Given material below:

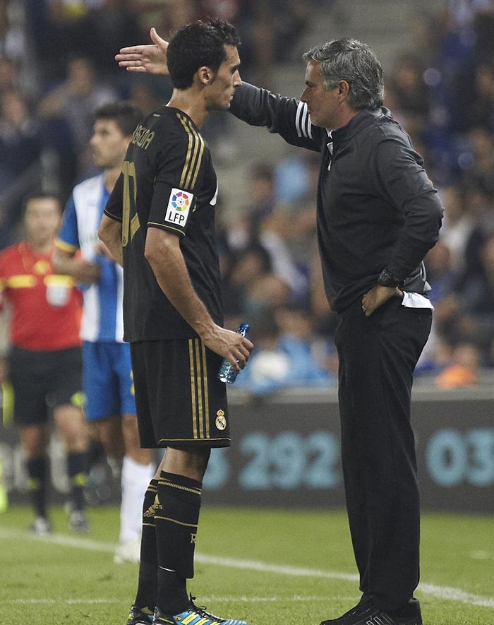 Mourinho da instrucciones a Arbeloa. FOTO: EFE
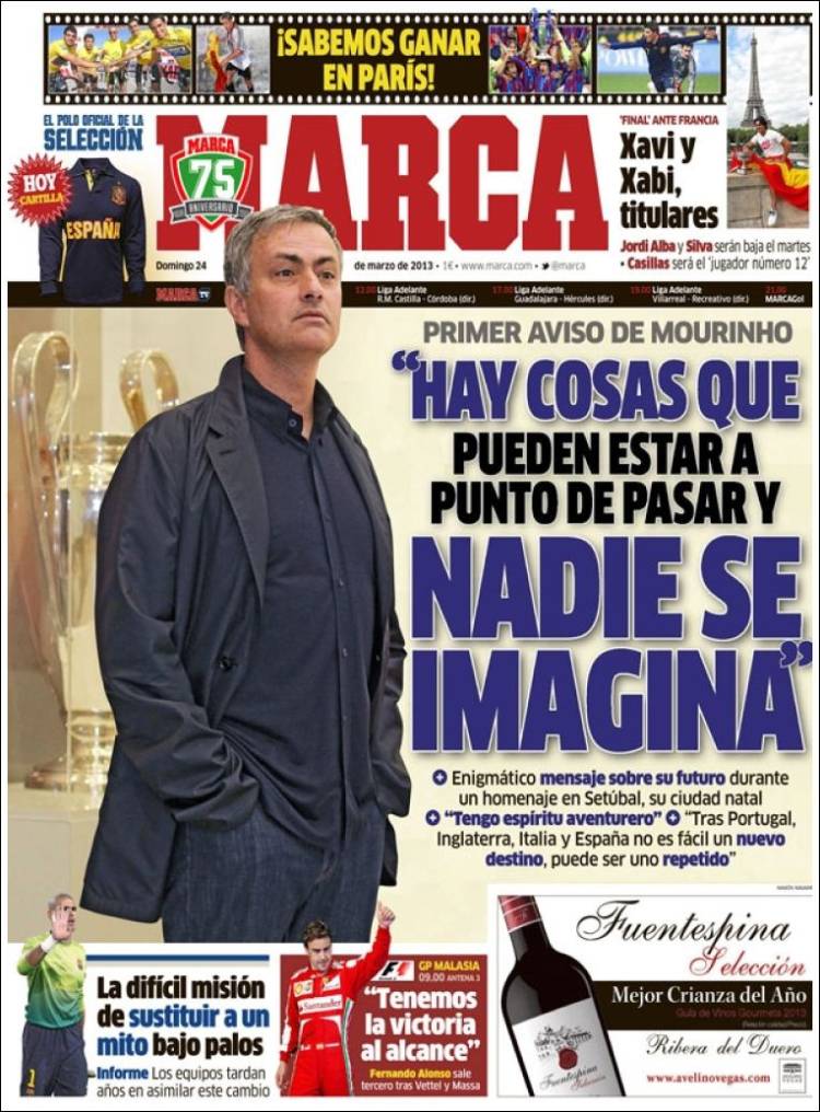 MOURINHO REAL MADRID – Durante un tributo organizzato da Setubal, città del Portogallo dove Josè Mourinho è nato che gli ha dedicato una mostra per i suoi 50 anni, l’attuale tecnico del Real Madrid, lancia un messaggio enigmatico sul suo futuro: “Ci sono cose che stanno per succedere e nessuno può immaginare”.
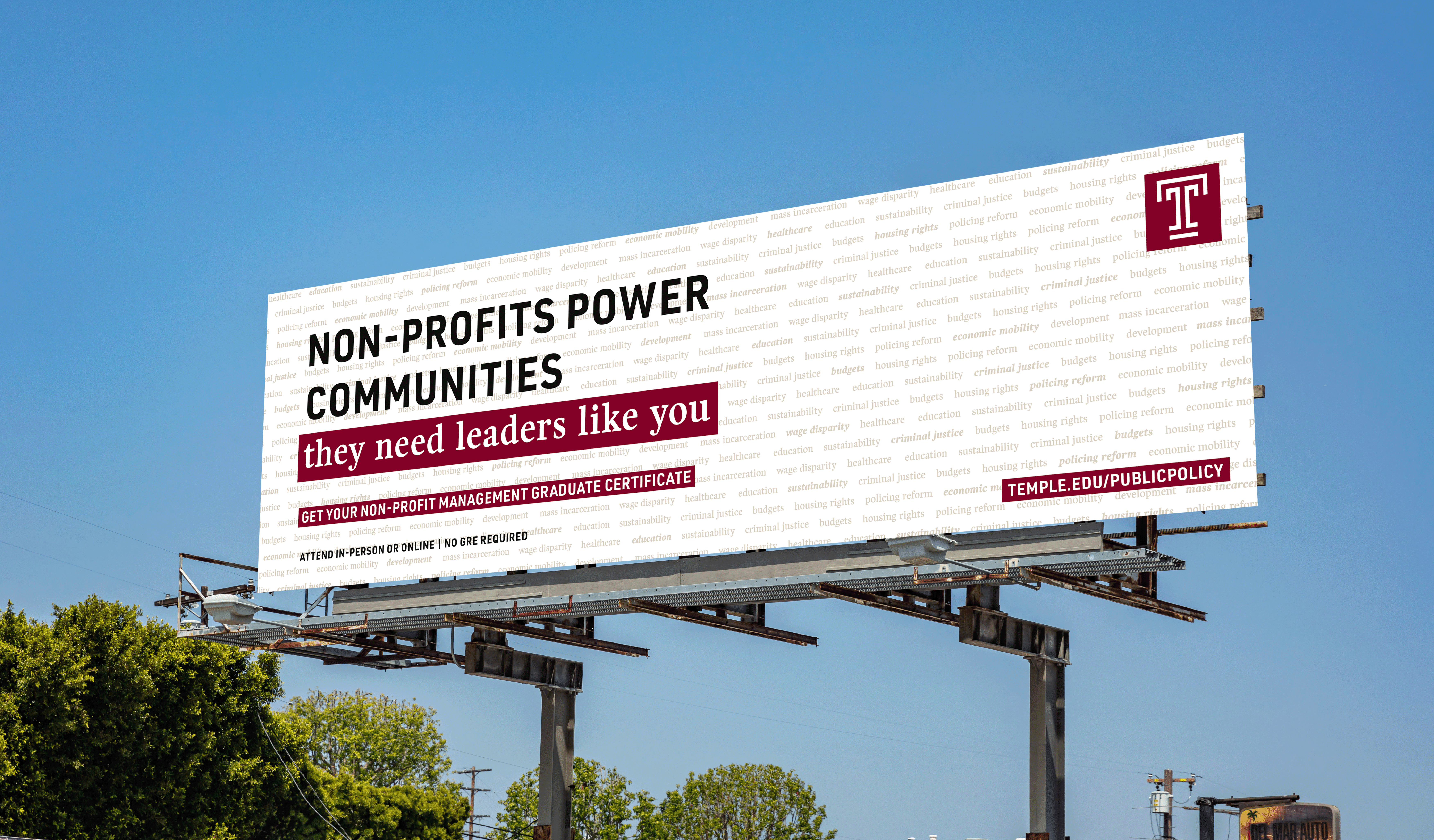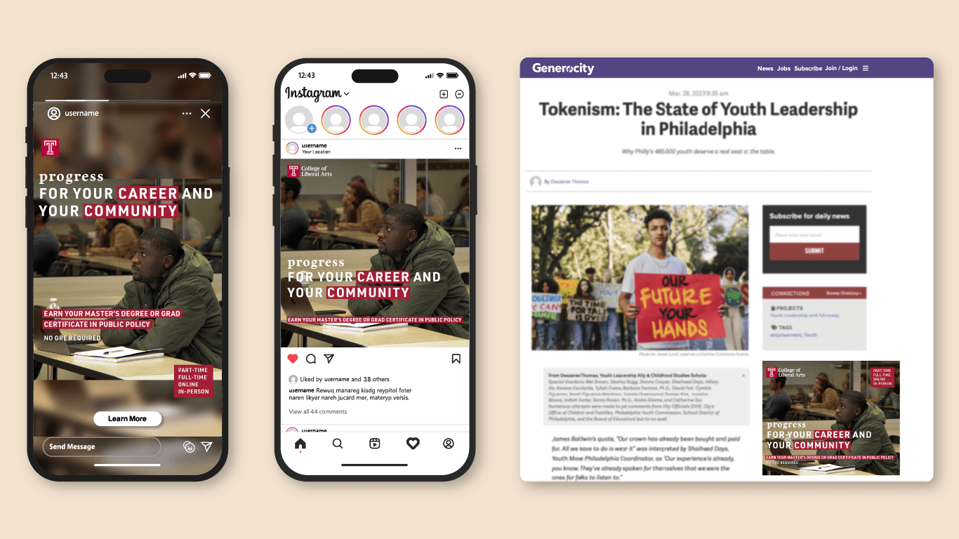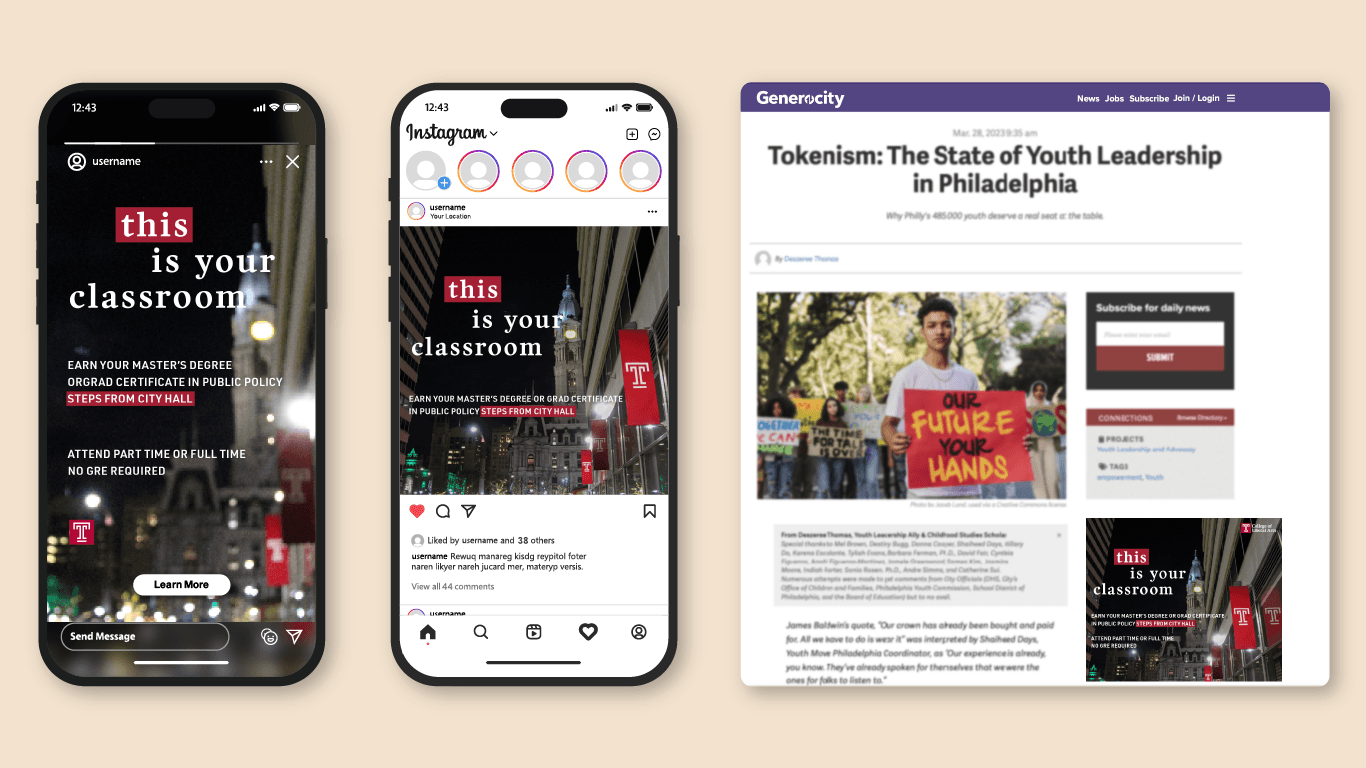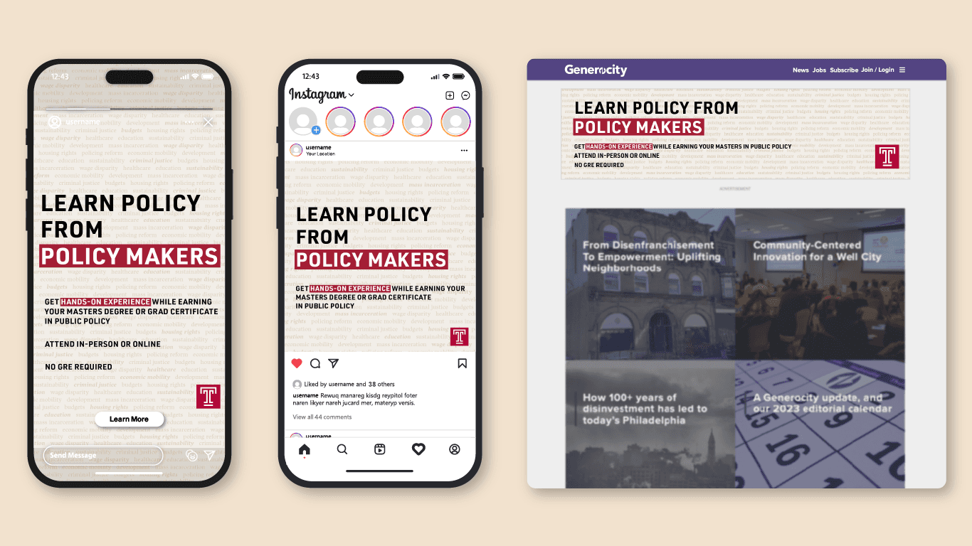 The three creative concepts ran as digital ads on Generocity and Billy Penn; as social media ads on Facebook and Instagram; on Temple-owned screens throughout campus; and on billboards that summer.

End of Given material.

What you need to do => Return the whole listing, word for word, and leave out every picture.

Solved problem =>
 Mourinho da instrucciones a Arbeloa. FOTO: EFE
 MOURINHO REAL MADRID – Durante un tributo organizzato da Setubal, città del Portogallo dove Josè Mourinho è nato che gli ha dedicato una mostra per i suoi 50 anni, l’attuale tecnico del Real Madrid, lancia un messaggio enigmatico sul suo futuro: “Ci sono cose che stanno per succedere e nessuno può immaginare”.
 The three creative concepts ran as digital ads on Generocity and Billy Penn; as social media ads on Facebook and Instagram; on Temple-owned screens throughout campus; and on billboards that summer.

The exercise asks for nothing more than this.